I understand him. I am here by his invitation and this is no small thing; I have a reputation in Europe for courting controversy, but this evening I am representing the French embassy and, by extension, King Henri himself. I would be expected to conduct myself meekly at the best of times, but in the present circumstances, it is vital that Queen Elizabeth continues to think well of Henri of France and his ambassador. As Castelnau sees it, their relationship may be all that stands between England and war. Courcelles smirks, but I merely nod obediently. Castelnau, satisfied, turns, adjusts his doublet and prepares to make his entrance. As he does so, Marie turns back to me and winks.

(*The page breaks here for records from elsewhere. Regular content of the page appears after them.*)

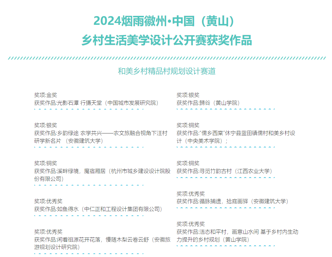 本届大赛由黄山市政府、上海大学、安徽建筑大学等联合主办,由行业知名专家负责评选工作,是以落地实施为出发点的一项赛事,吸引了国内众多知名高校、设计院所和公司团队的广泛参与。
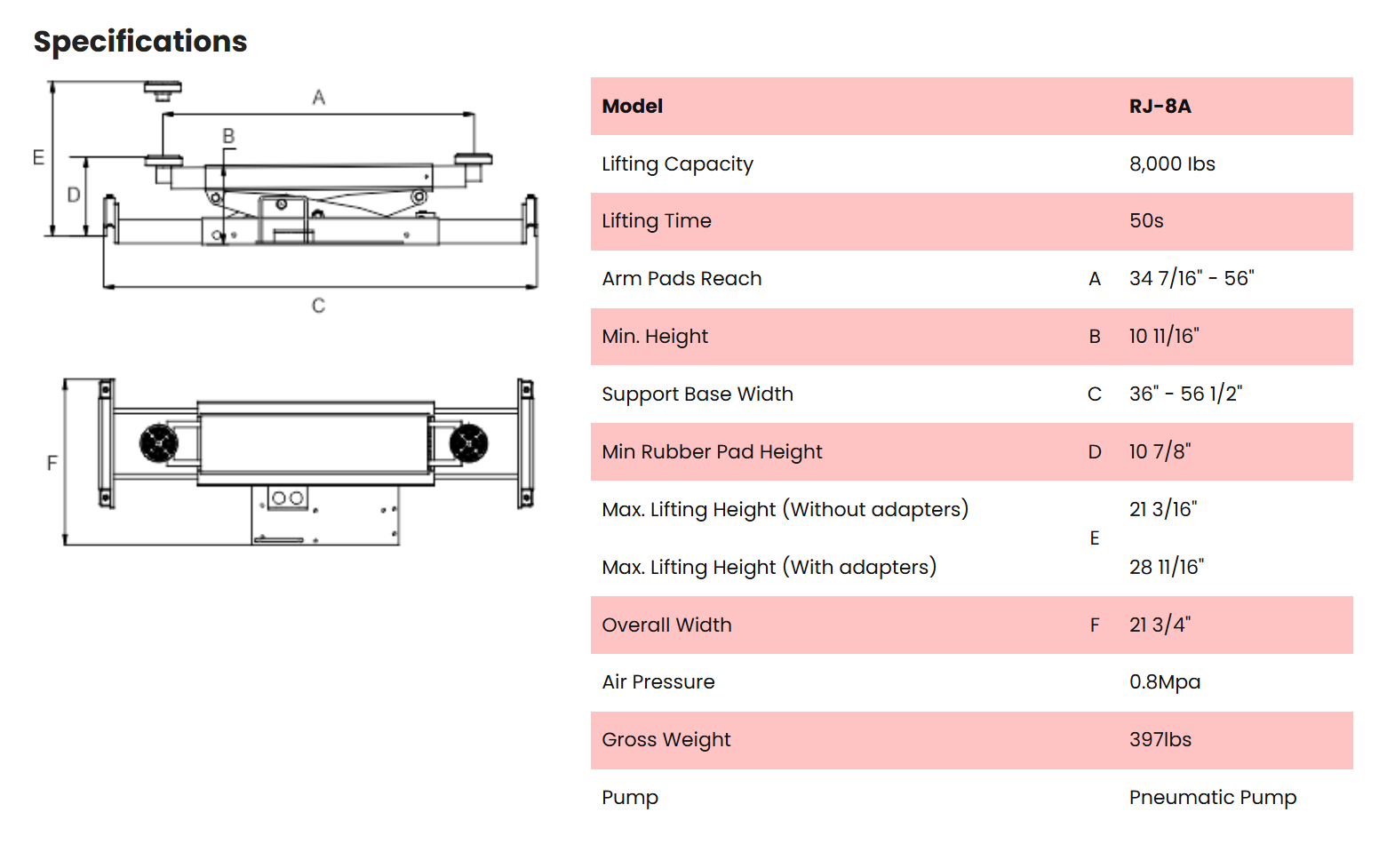 The AMGO RJ-8A is a commercial-grade powerhouse designed for effortless operation and exceptional durability. Built with a strengthened structure and equipped with AMGO’s advanced floating rolling technology, it boasts an impressive lifting capacity of 8,000 lbs. The telescoping arms and adjustable lower sliding assembly allow for versatile application across a variety of vehicles, making it an indispensable lifting tool for both commercial shops and home garages. Let me know if there’s anything else you’d like adjusted!
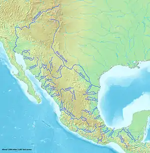 خارطة تظهر أنهار المكسيك، حيث يظهر نهر مصقلة (Balsas) في الجنوب الغربي
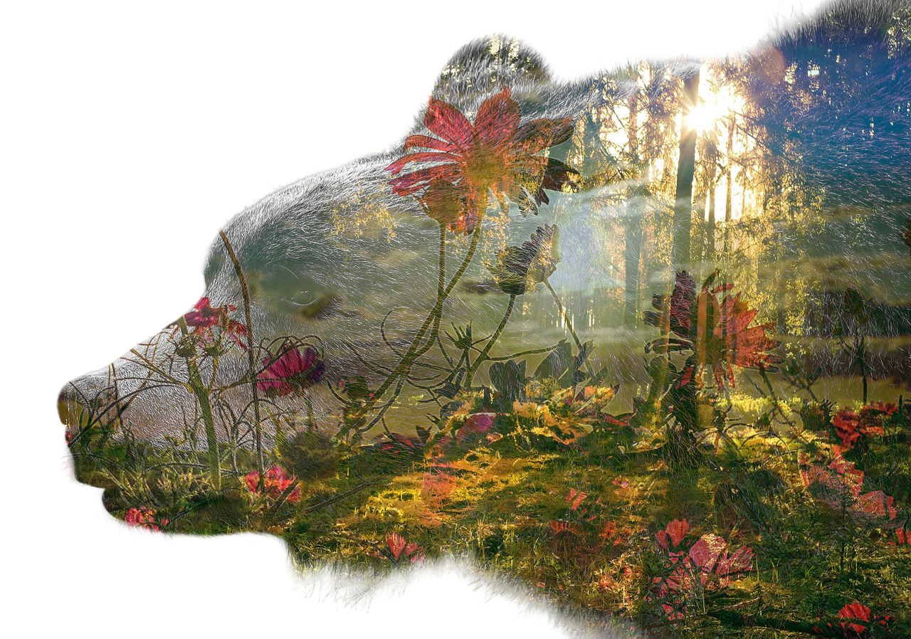 Adobe Photoshopコラージュ切り抜き合成未分類 デザイン いきるぼくら Adobe Photoshop 2026.02.07 多重露光を使い、ヒグマと自然の景色を重ねてみました。 レイヤー構成 調整レイヤー 1.ヒグマを切り抜き、背景透過 2.白黒にして 3.花や光、木を重ねる 4.好みの効果をつける 使用画像
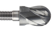Runde Schneidplatten haben einen sehr großen Eckenradius. Die ermöglicht starke Schrupp-Bearbeitungen auch im unterbrochenen Schnitt, der z. B. beim Überdrehen von Längsnuten auftritt.
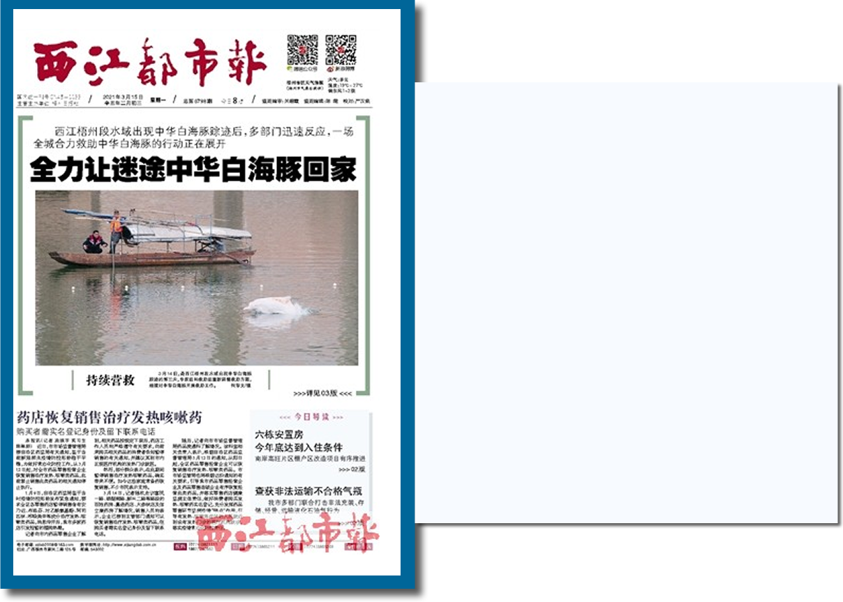 3月12日,西江梧州段發(fā)現(xiàn)中華白海豚后,梧州市委、市政府高度重視白海豚的救助工作,多部門聯(lián)動,立即出臺通告,禁止所有捕撈作業(yè),暫停航道疏浚、水下爆破等施工……一場全城合力救助中華白海豚的行動正在展開。

But the splendour of the spectacle before us drives all other thoughts from my mind. The hall arches overhead, the upper portion of its walls all light from the high pointed windows of stained glass, drawing the eye upward to the dark wood spans of the great hammer-beam roof, with its elaborately carved tracery and gilded spandrels. From each of the wall braces hangs a coloured banner embroidered with some royal insignia in golds, crimsons, azures. The lower parts of its long walls, where I can glimpse them through the crush of people, are decorated with exquisitely detailed Flemish tapestries depicting scenes from the Old Testament, bordered with gold damask. Courtiers in silks and velvets of all hues gather in groups or mingle around the room, glancing at one another and parading their finery; the men wear puffed knee-breeches with white silk stockings to show off their calves, doublets with sleeves slashed to reveal the jewel-coloured lining, and wide starched lace ruffs
that give them the air of birds fanning out their feathers in a mating display, with cuffs to match. Over one shoulder they drape short capes of velvet fastened with gold or jade brooches, and as they lean in to converse, the long peacock feathers on their caps nod and sway, and sometimes become tangled up with one another. Some of them carry silver pomanders at their belts, and the air is thick with spiced perfume; they all, without exception, carry ornamental swords, swinging by their thighs in elaborately embellished scabbards. I am surprised that a queen who lives under perman ent threat of assassination should tolerate her courtiers coming armed into her presence, but perhaps even she dare not part a gentleman from his weapon. Sidney once told me that she had forbidden duelling among the gentlemen of the court, with a penalty of losing one’s right hand. The awkwardness of their costumes obliges these courtiers to walk with their legs slightly parted, in an exaggerated swagger; there is something comical about their strutting and their anxious glances to one side and the other to make sure they are being noticed. I can only imagine what they would be like if there were more women present.
A group of musicians play subtle string compositions in a vaulted alcove set before one great window that stretches from floor to ceiling. The effect is magnificent as the setting sun slants low through the patterned panes, illuminating the musicians’ heads and shoulders before painting its coloured geometry over the rush-strewn floor.